The enormous siheyuan at Nos. 27, 30, 32 and 34 were backyards to prince Zeng Ge Lin Qin (1811- 1865), a Mongolian aristocrat who led troops to fight against the Taiping rebellion and foreign invaders. Now the buildings are protected cultural relic units that mostly belong to private families, but the hallway gate at No. 19 and the LüSong Yuan hotel at No. 22 provide a living example of the original style siheyuan and bring countless visitors to the unique lane.
Down a dark hallway
Unaware passersby can easily miss No. 19, as the entrance looks like any other, with just a small note by the entrance informing of the highly unusual "hallway gate" behind it.
The front door opens onto a long, narrow hallway only five meters wide and 100 meters long that leads to a stylish siheyuan door facing Dongmianhua Hutong on its north. Along the path are four courtyards behind tightly locked doors.
This kind of structure is highly unusual in Beijing, said Gao Wei, the director of the Beijing Traditional Association of Geography and History. "The hallway should be something that only appeared on the historical stage of hutong after 1949, when the local residents built this path for easy access between the two hutong," he said. "Since the former embassy of DPRK (Democratic People's Republic of Korea) settled here once in the 1950s they might be the builder of this easy path." As a person who's been wandering around hutong for years, I was still taken by surprise to encounter this sort of unusual structure.
The oldest siheyuan hotel
The LüSong Yuan hotel at No. 22 was another part of the giant mansion of Prince Zeng, and today it's one of the oldest siheyuan-style hotels in the region. For the siheyuan lovers, here is also one of the few places you could walk in without a man disturbing anyone inside.
The owner of this ostentatious hotel is a man from Hong Kong who perceived the market opportunity of siheyuan hotel more than 20 years ago and settled his business here.
From the former prince's mansion to a luxury international hotel today, it has witnessed a decisive change. "Twenty years ago, when LüSong Yuan hotel was founded here after being a youth hostel, there were no other siheyuan hotel in the region," said Craig T. Y. Law, the hotel manager. "Now they are abundant."
The hotel has also been expanded from just 20 rooms to 58 rooms and about three courtyards today. Over 90 percent of guests here are tourists from around the world who want to stay close to the hutong atmosphere.
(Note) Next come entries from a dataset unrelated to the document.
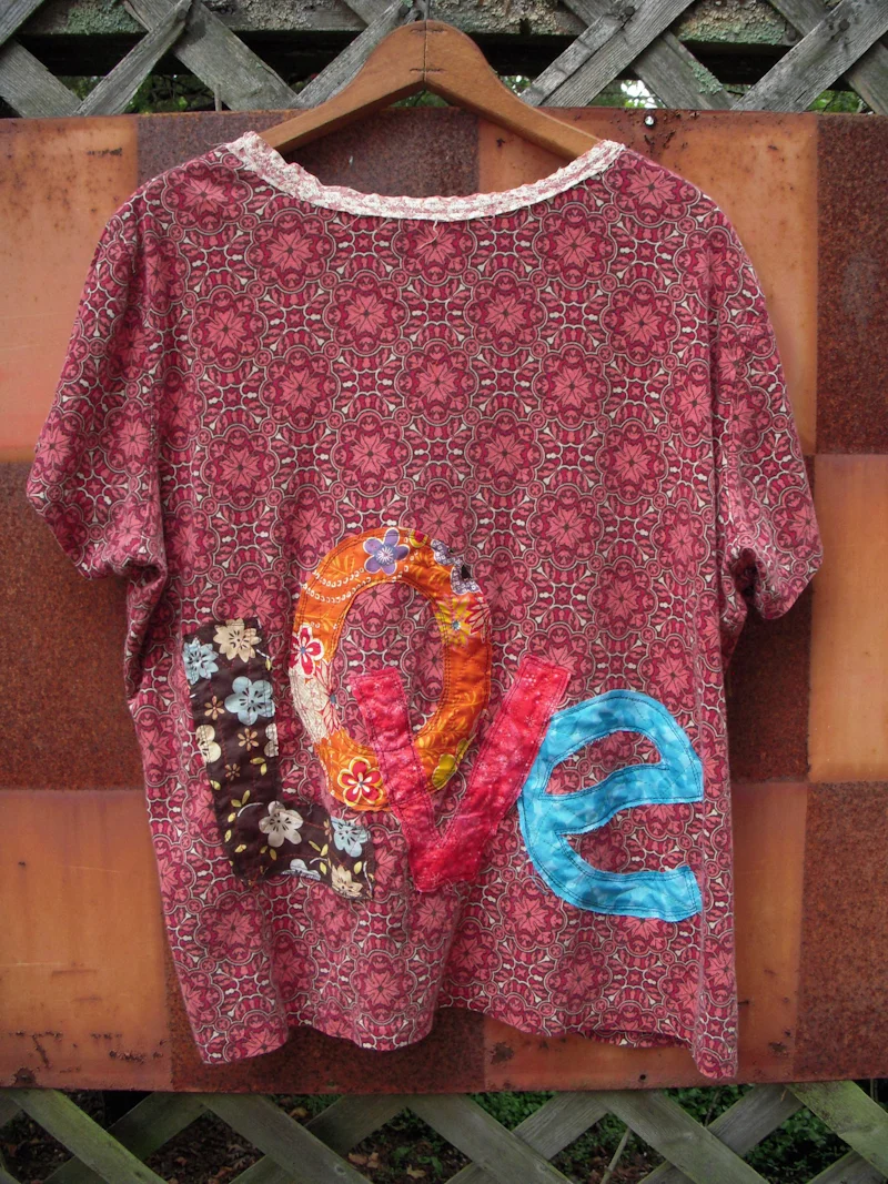 finally had a rainy day over the weekend, so i took the opportunity to work on some sewing projects. i feel compelled to write ‘love’ on everything lately, so i appliqued the word ‘love’ on the back itwas fun picking out the colors. i decided never mind about hemming the edges, just stitch the heck out of it and let the edges unravel over time. i just cut the neck hole how i wanted it, then stitched a long strip of peach calico onto the edge of the t-shirt. it will unravel slowly, too, adding charm (hopefully). anyway, people smile when they see it, and that’s good.
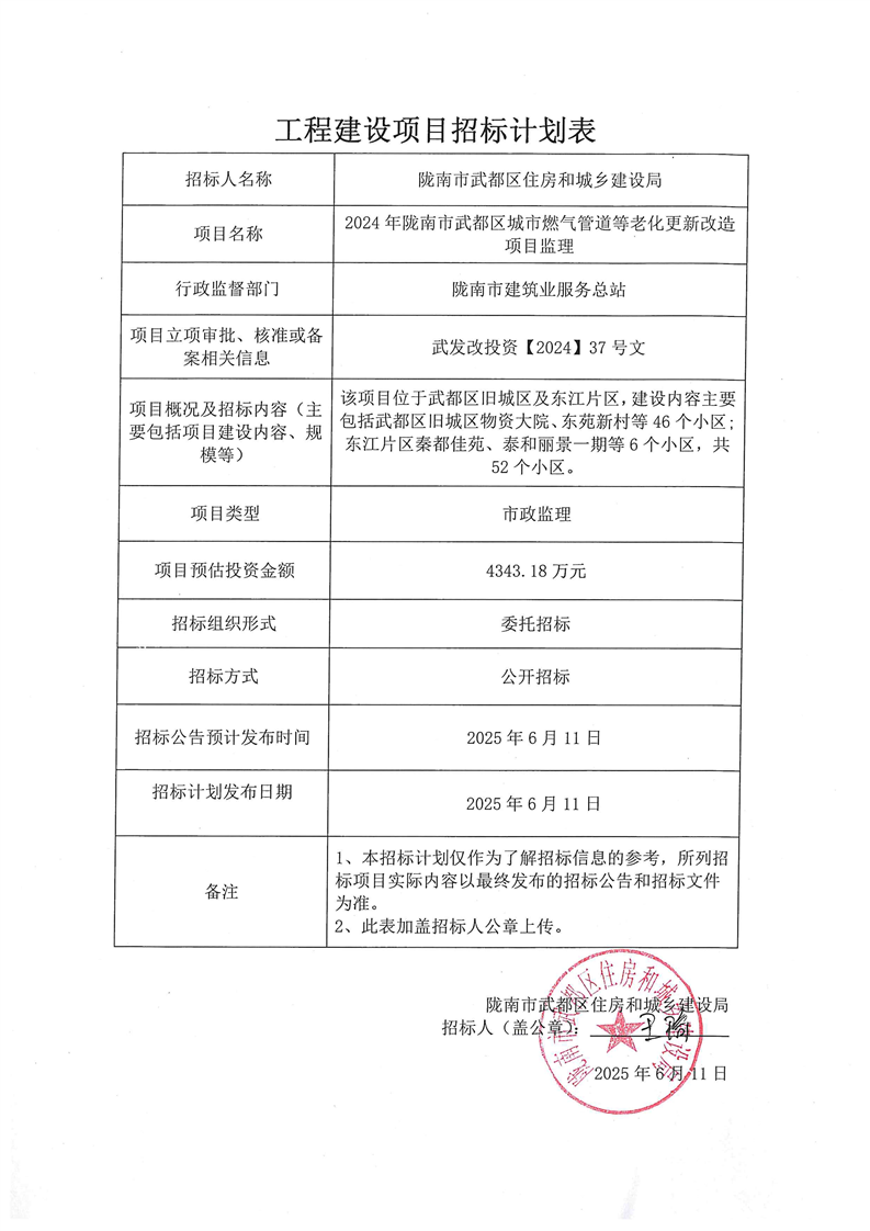 2024年隴南市武都區(qū)城市燃氣管道等老化更新改造項目監(jiān)理
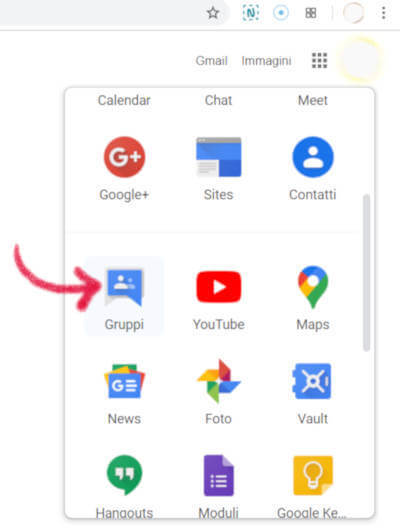 Dal menu 9 pallini fai click sull’icona Gruppi o digita sulla barra degli indirizzi groups.google.com
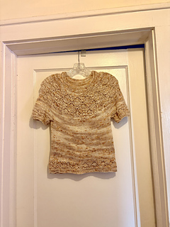 This pullover has been worked top down in the round and begins with a few short rows to elevate the back neck. The simple lace pattern is worked, followed with stockinette down to the underarms, at which point the sleeve stitches are placed on hold. Lace stitches are placed at the hem and sleeve cuffs. The lace pattern stitches instructions are provided in both chart and written formats.
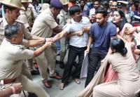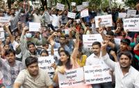 KPSC candidates protesting at Udyoga Soudha demanding to release the results and other various demands, in Bengaluru on Monday 25th July 2022
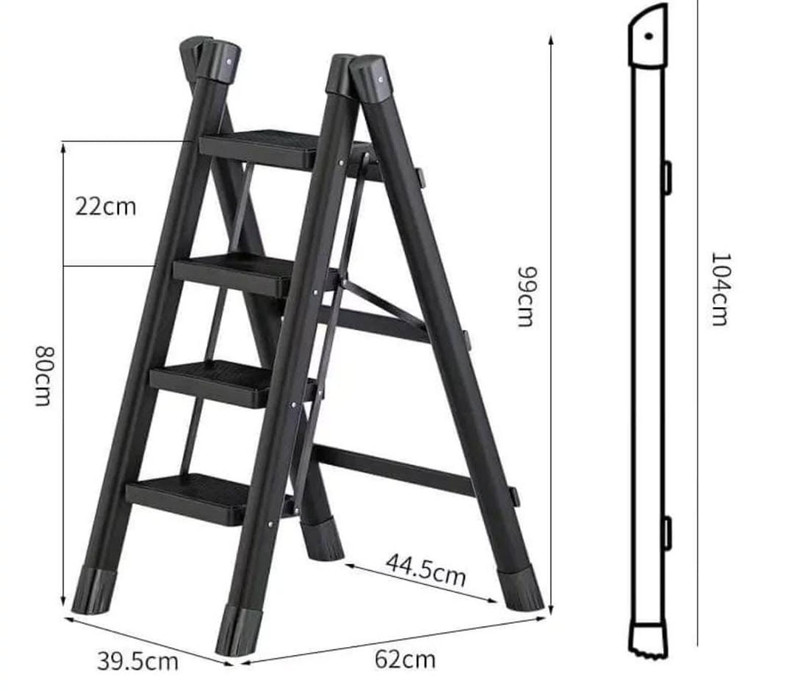 Perfect for both home and office use, the 4-Step Black Foldable Stepper provides safe and convenient access to high places. With its durable, non-slip steps and sturdy frame, it ensures stability while you reach for those out-of-the-way items. The sleek black design adds a modern touch to any room, while the foldable feature allows for easy storage when not in use, making it ideal for tight spaces. Lightweight yet strong, this stepper is designed for everyday tasks, whether you're changing lightbulbs, reaching the top shelf in your kitchen, or organizing high cupboards. Its practical design combines functionality with ease of use, making it an essential tool for any home.
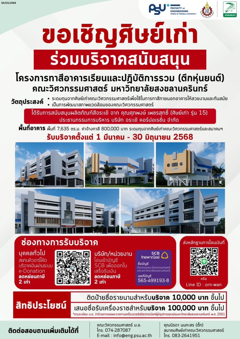 เมื่อวันที่ 5 มีนาคม 2568 คณะวิทยาศาสตร์ มหาวิทยาลัยสงขลานครินทร์ จัดกิจกรรมบริจาคโลหิต ณ ลานกิจกรรมศูนย์ปาฐกถาประดิษฐ์ เชยจิตร (ตึกฟักทอง) โดยมีคณาจารย์ บุคลากร นักศึกษา และประชาชนทั่วไปเข้าร่วมบริจาคโลหิตกว่า 50 ราย เพื่อช่วยเหลือผู้ป่วยที่ต้องการโลหิตในการรักษาพยาบาล
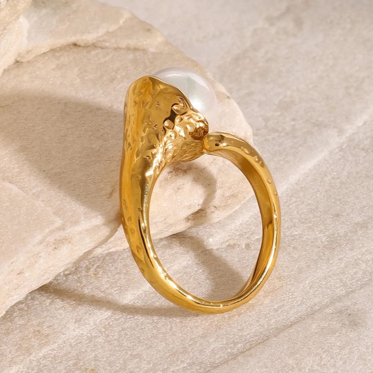 European American Luxury Trendy Open Ring 18K Gold Plated Stainless Steel with Hammer Pattern Inlaid Artificial Pearl
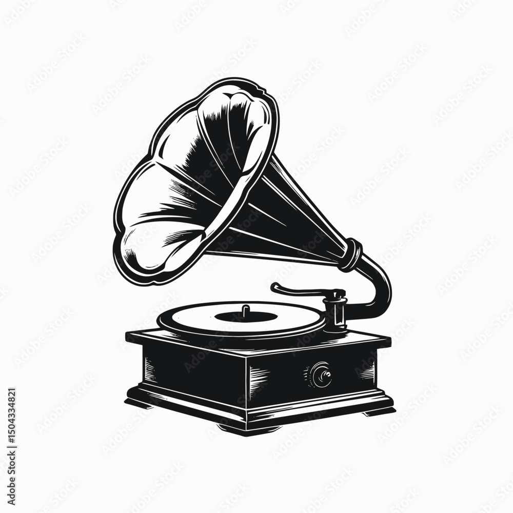 Classic record player antique phonograph vintage music audio silhouette #1504334821
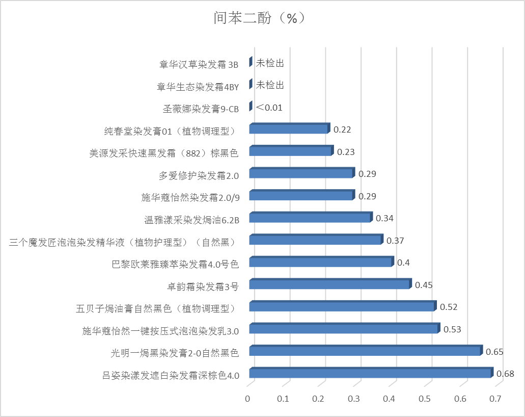 4.检测结果:15款产品中有12款检出间苯二酚,含量在0.22%-0.68%之间,均低于《规范》的限值规定,结果见图8。
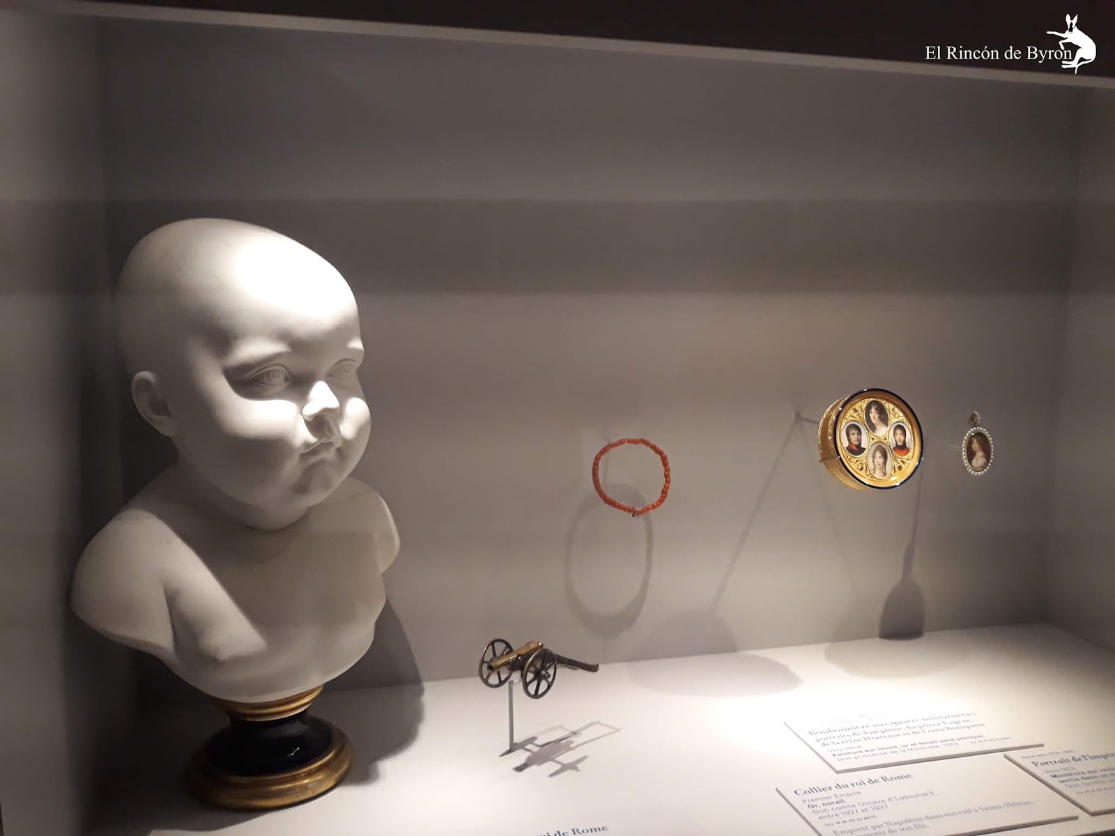 Napoleón lleva a Santa Elena la caja de dulces de cuatro miniaturas, ofrecida por Josefina, y el dibujo del Rey de Roma con el casco de Marte, recogido en el Elíseo por su primer ayuda de cámara, Marchand, durante la constitución de los equipajes. En la isla, la condesa Bertrand le prestó su retrato en miniatura de Josefina, similar al expuesto aquí, que el emperador había copiado.
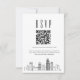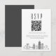 A minimal wedding rsvp QR code card featuring a stylized skyline representing the beautiful city of Charlotte. Replace the QR code with one featuring a link to your website to help make responding to your wedding event easier for your future guests.
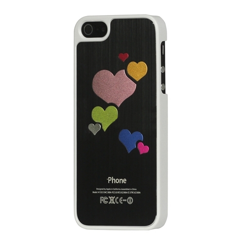 Пластиковая накладка с алюминиевой вставкой с узором "Разноцветные сердца" для iPhone 5/5S Черный
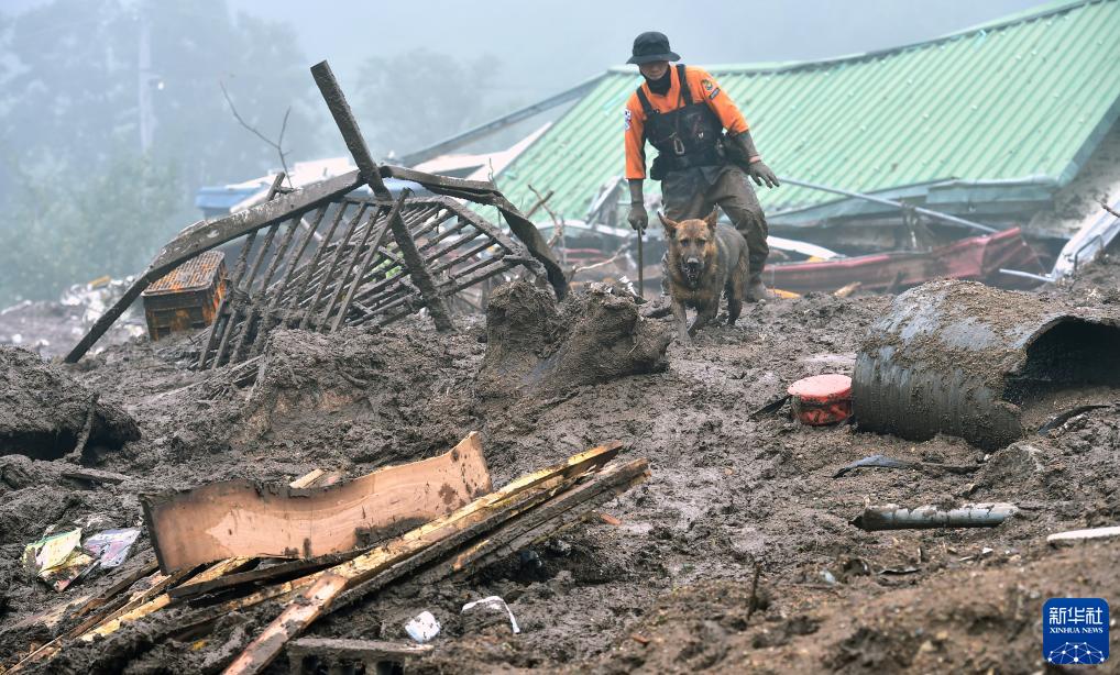 7月16日,在韓國慶尚北道醴泉郡,救援人員在因暴雨引發(fā)山體滑坡的村莊內搜救。
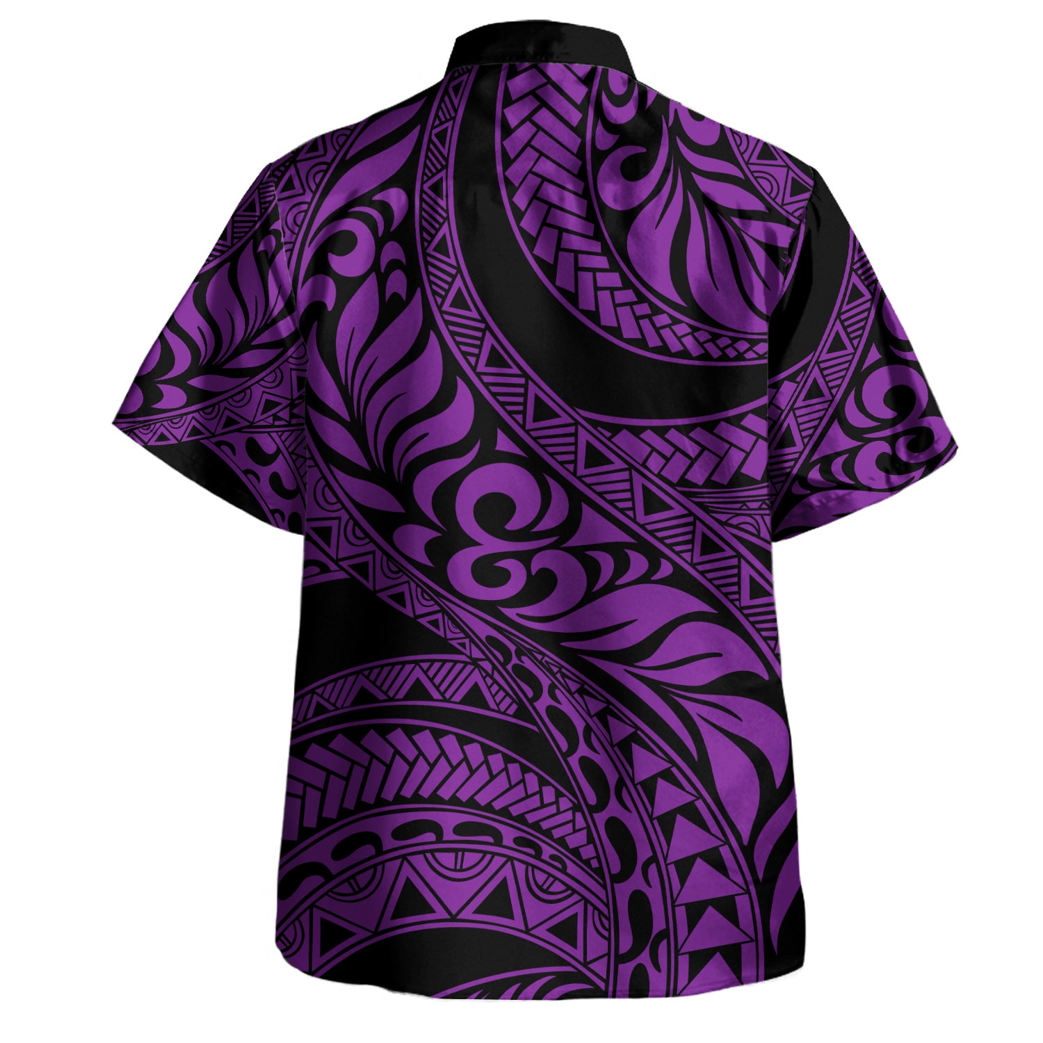 Hawaii Combo Short Sleeve Dress And Shirt Tribal Pattern Polynesian Purple
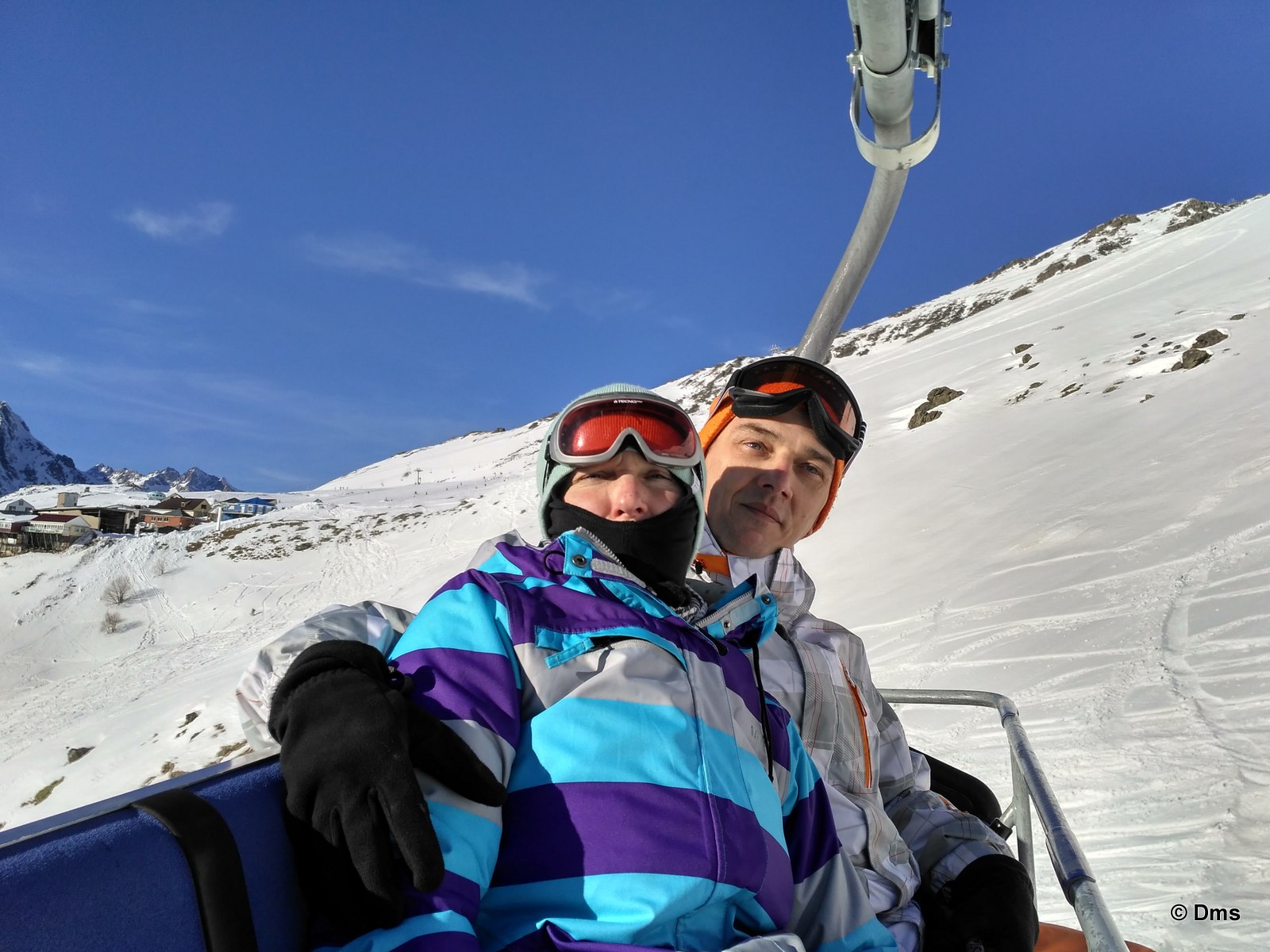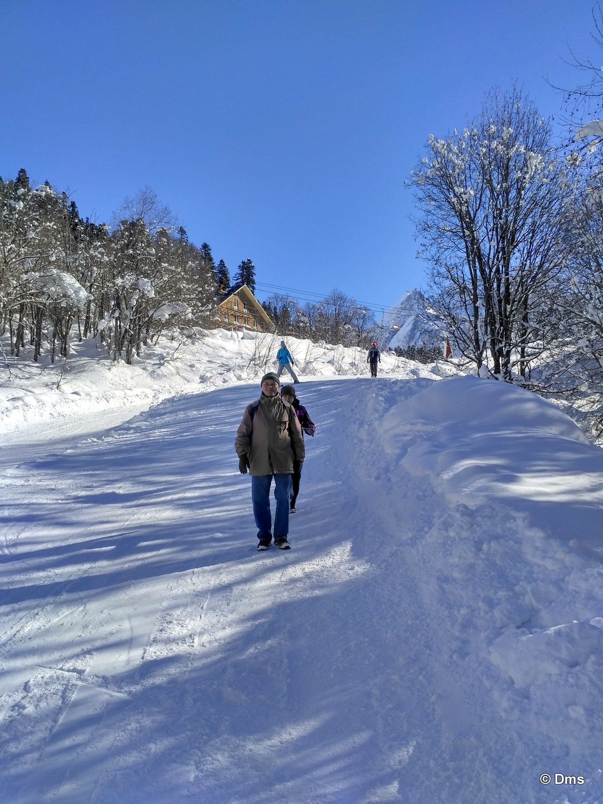 Сережка с Дианой уже купили скипассы на старый на этот день, а мы с мамАанькой пошли покупать билеты на новый подъемник. Сережка с Дианой составили нам компанию. За нами гора Мусса-Ачитара, с которой мы катаемся. Мы на вантовом мосту через

"The layout of this hotel was built partially loyal to the original layout," said Law. "Yet on the other hand, like other siheyuan hotels we have small numbers of accommodations, unlike other four-star hotels that are not in hutong region. Because of this, one month room booking in advance is necessary for the guests all time."
History is full of its little ironies. At least it is to Zeng, who spent his life on the battlefield fighting against foreign troops. Never would he know that just about a century later, his own residence would become a place welcoming expats from around the world.